Greece|China|UK - cultural panacea: olives, green tea and tiger balm
First time I heard of a cultural panacea was in London during grad school, when one of my Greek friends told me that her family didn't have health insurance because her mother treated everything with olives: olive soap and olive oil. When her sister contracted an STD and the olive soap treatment didn't work, they consulted a biochemist uncle who 'prescribed' something beyond olives. Her mother's deeply ingrained belief in the healing power of olives struck me. What olives is to my Greek friend's mother, green tea is to the Chinese but maybe in a less orthodox way: green tea toothpaste, green tea extracts in shampoo and cosmetics, green tea everywhere in home remedies.
In Kunming, a girl in her early twenties who goes by the English name Nora shows me how she treats her pierced ears when they get irritated. After enjoying a cup of green tea, she selects two stems of tea leaves and dries them. Once they are dry and have hardened, she places them inside her pierced earlobes. “The green tea extracts from the leaves soothes the irritated skin. It also keeps the piercing from closing up, that's convenient.” These tea-leaf-stem earrings can be worn for months, “they are natural and healthy,” she explains.

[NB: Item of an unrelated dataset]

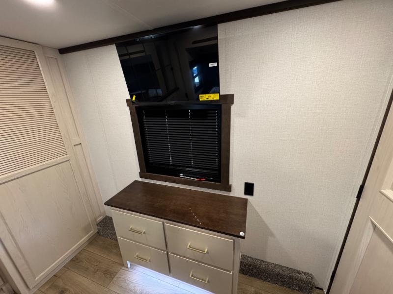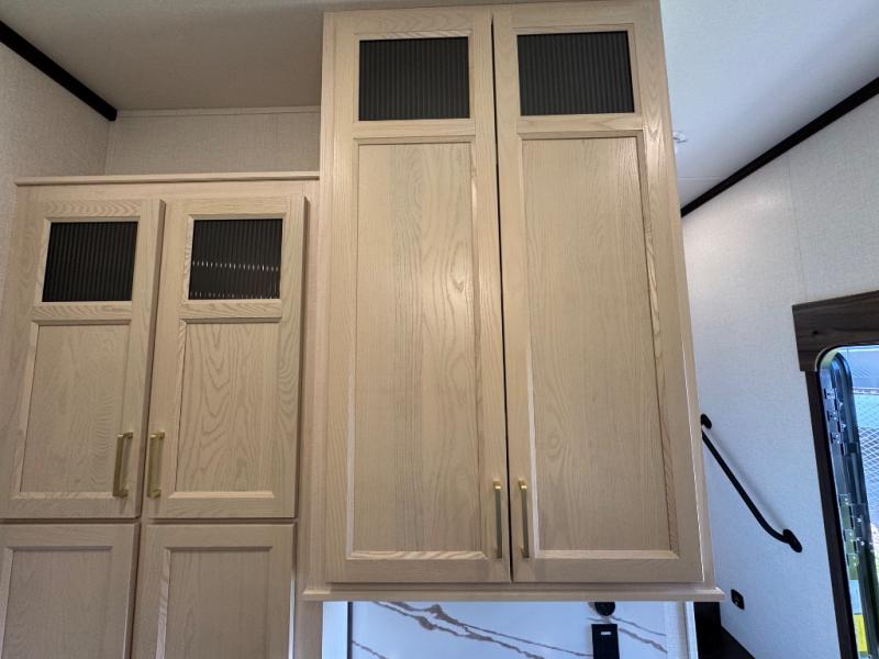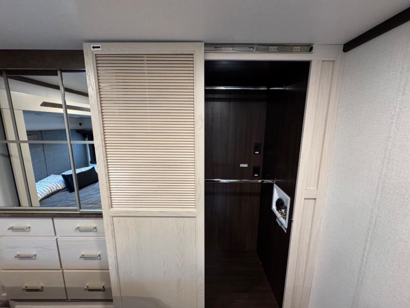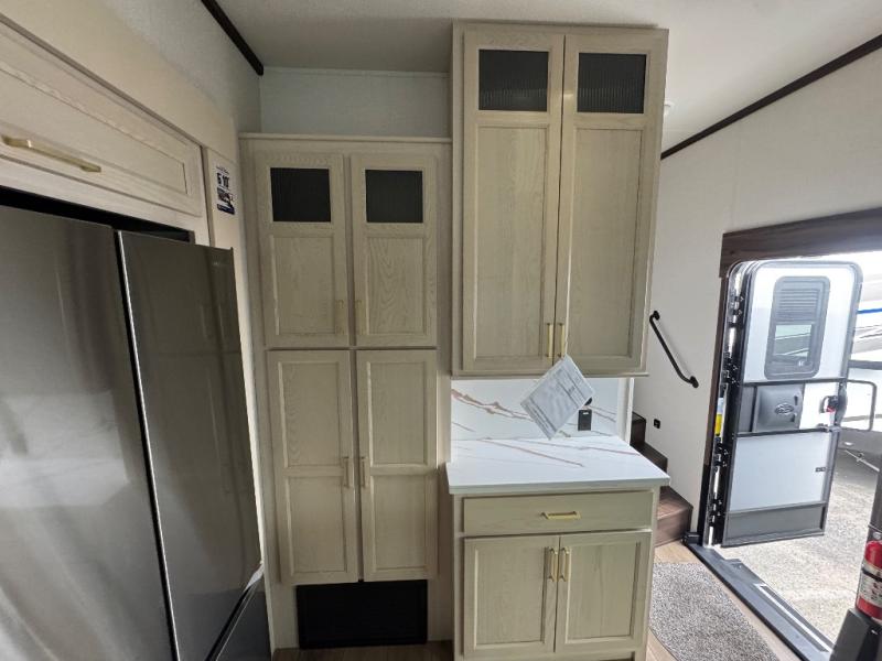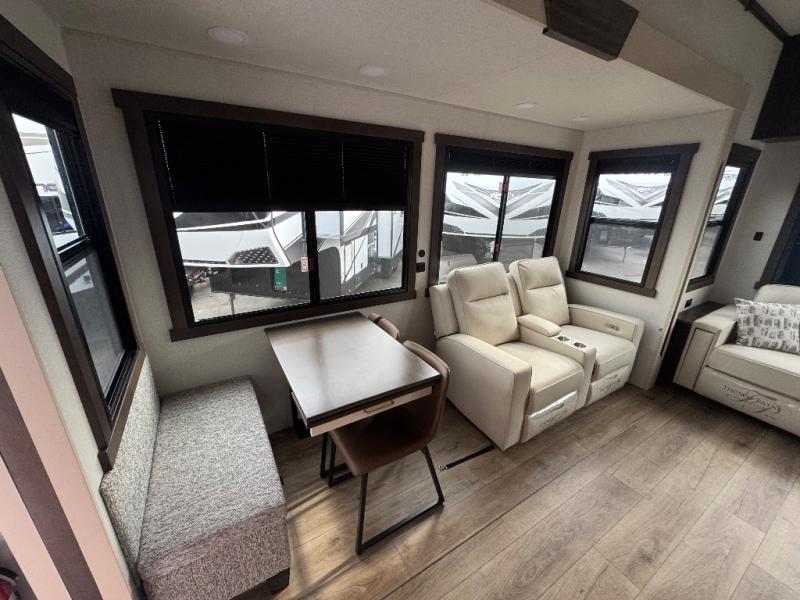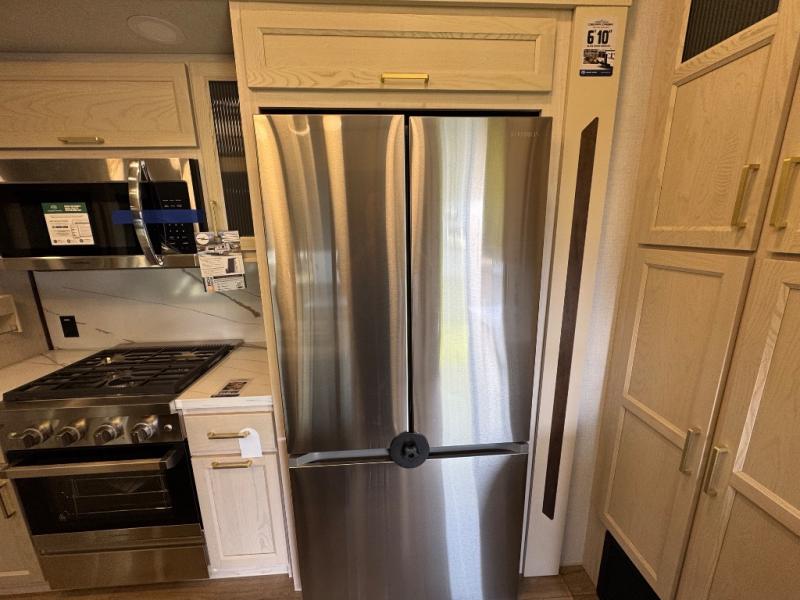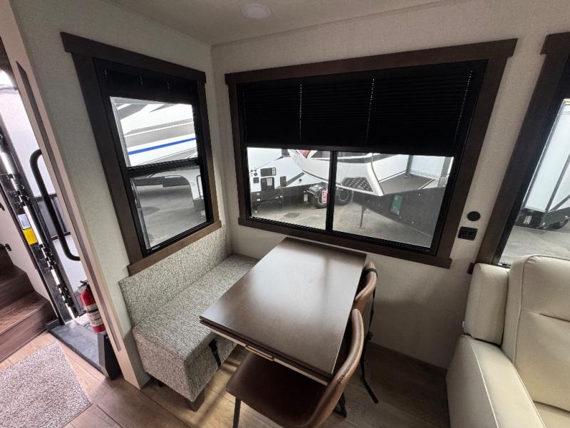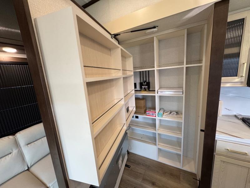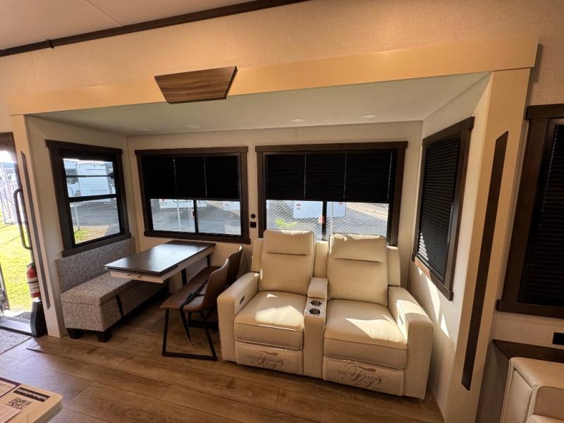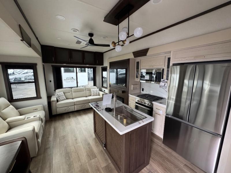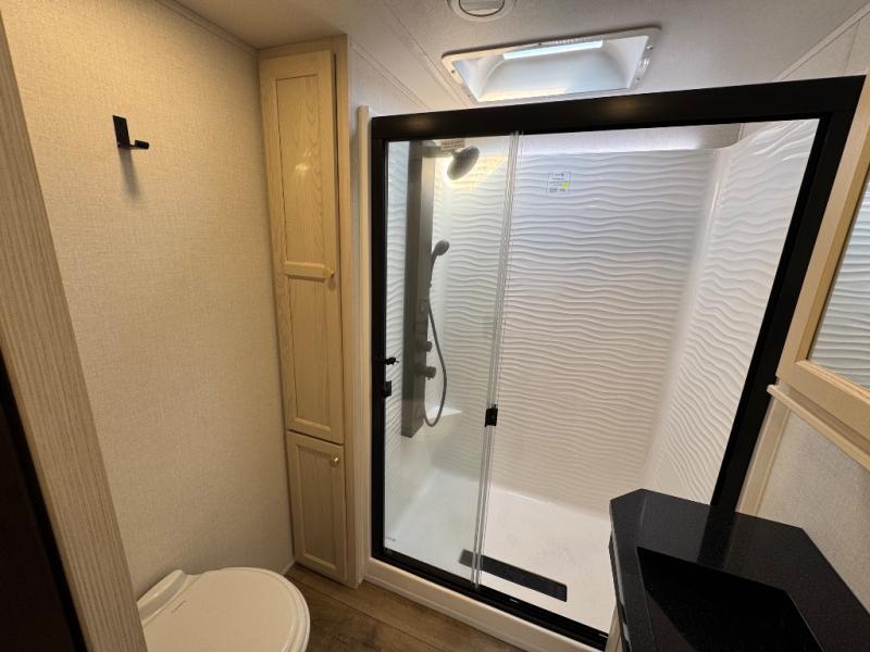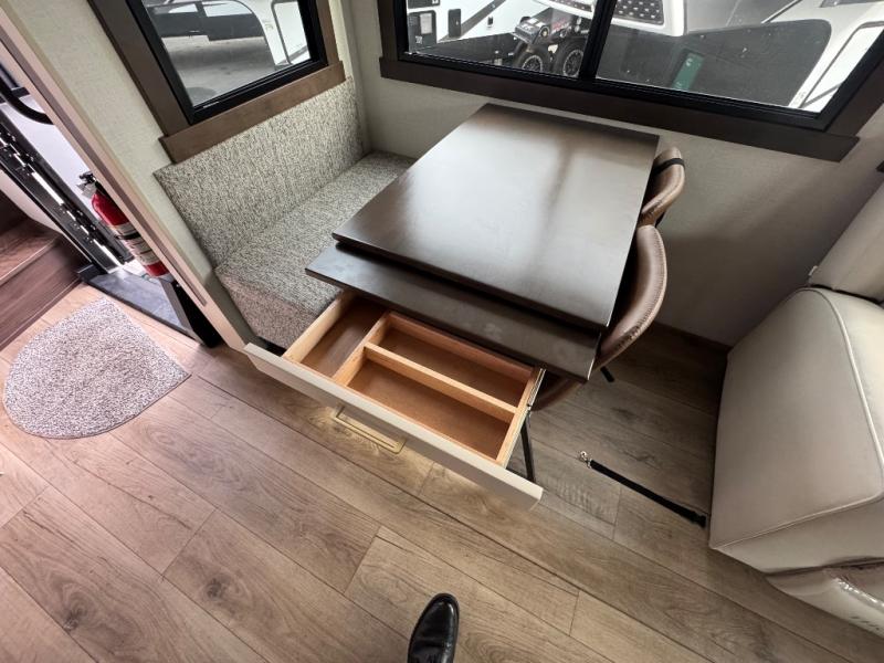 You will love this Cedar Creek Experience fifth wheel! The front bedroom is spacious with a king bed and a wardrobe that keeps on going, with room for hanging garments, shelves, and washer/dryer prep. There's also a standalone dresser with a TV above so you can watch some shows before bed. The bathroom also offers space efficiency with a sliding glass door, and the roomy shower even has a seat for your convenience while bathing. The rear of this unit feels wide open with a lovely living area and kitchen. The kitchen rivals the one at home, with a three-burner cooktop, microwave, and 18 cu. ft. 12V refrigerator with an ice maker. And check out the Murphy pantry that is hidden behind the entertainment center! You'll have tons of storage space with overhead cabinets and a pantry. The kitchen island with a spacious sink is the perfect final touch. After you eat you can relax and watch TV on the power theater seats or the hide-a-bed sofa. There is also a wall mounted dining table and extension with an ottoman for more seating space!
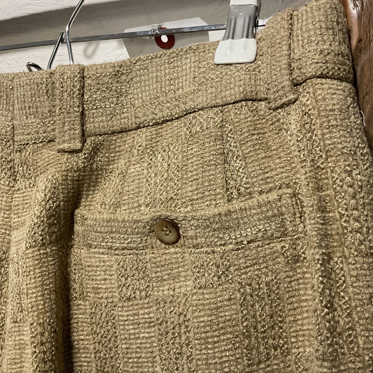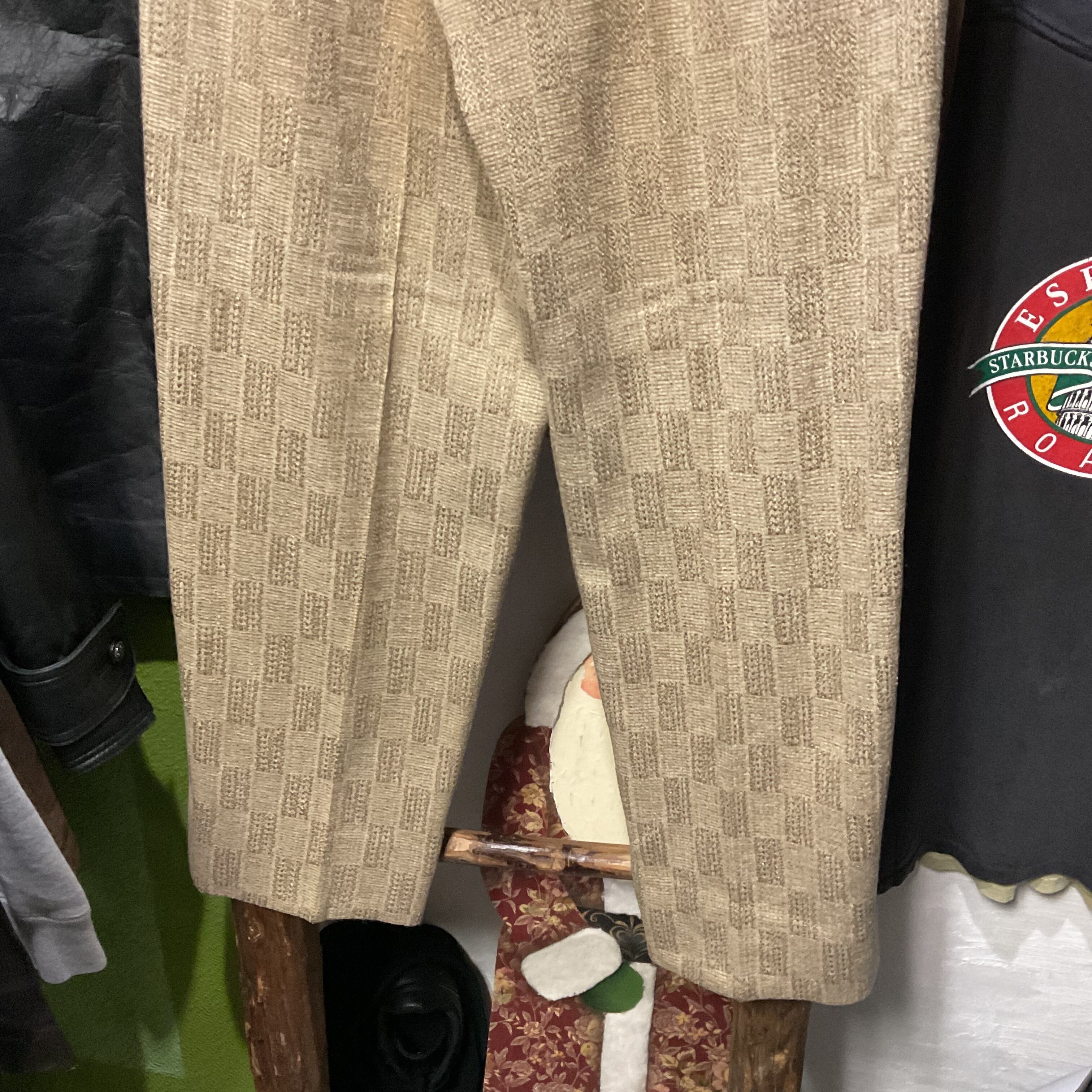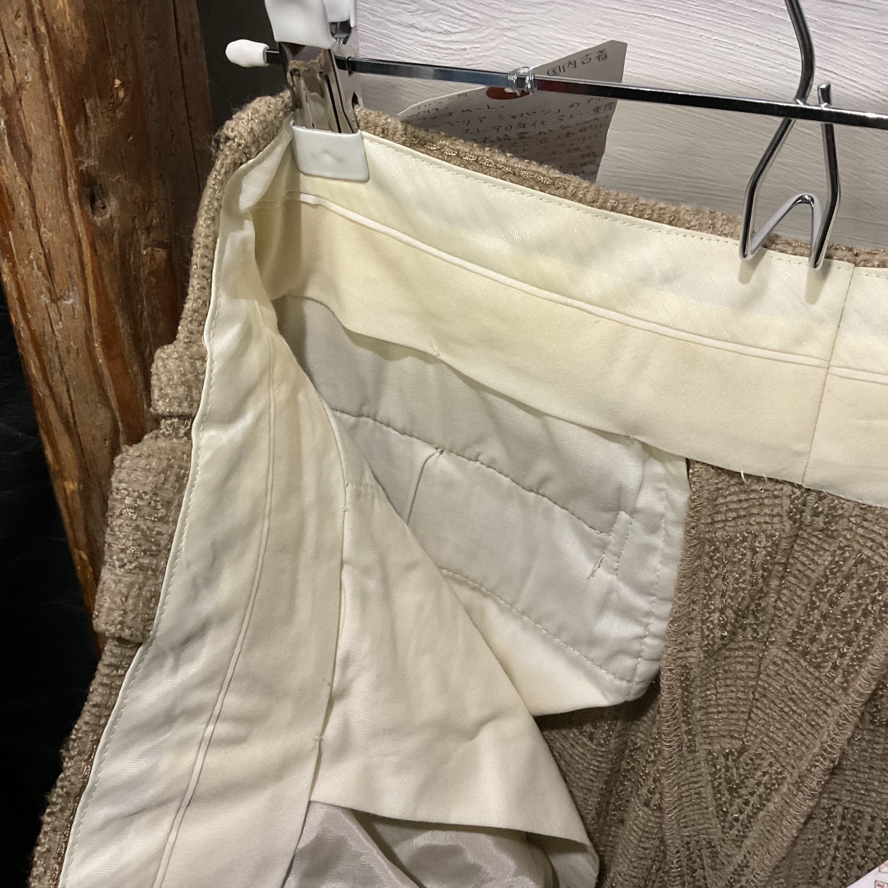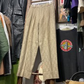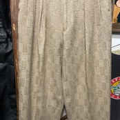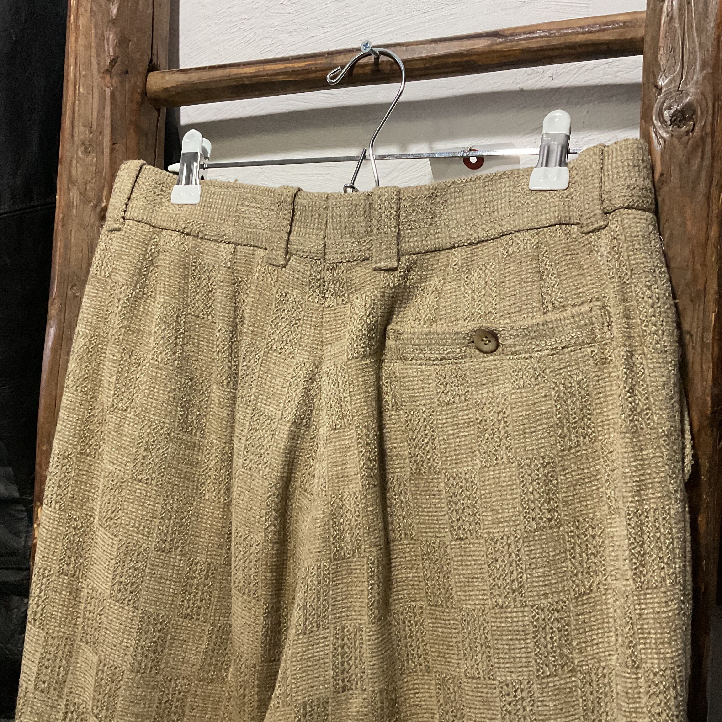 ベージュ〜グレージュの中間色に、幾何学っぽい織り柄が入った ツイード調ジャガードスラックス。プリントじゃなく織りで柄を出してるから、近くで見ると陰影と凹凸が出て表情が深い1本。

This makes me wonder about other cultural panaceas: in Indochina it seems to be tiger balm, but when I lived in the UK, I remember paracetamol being the cure-it-all. My British friends seem to treat everything with it – from a hangover to the common cold. Paracetamol is incredibly cheap and readily available at drug stores such as Boots. When will an OTC (over the counter) drug take the place of tiger balm, green tea or olives?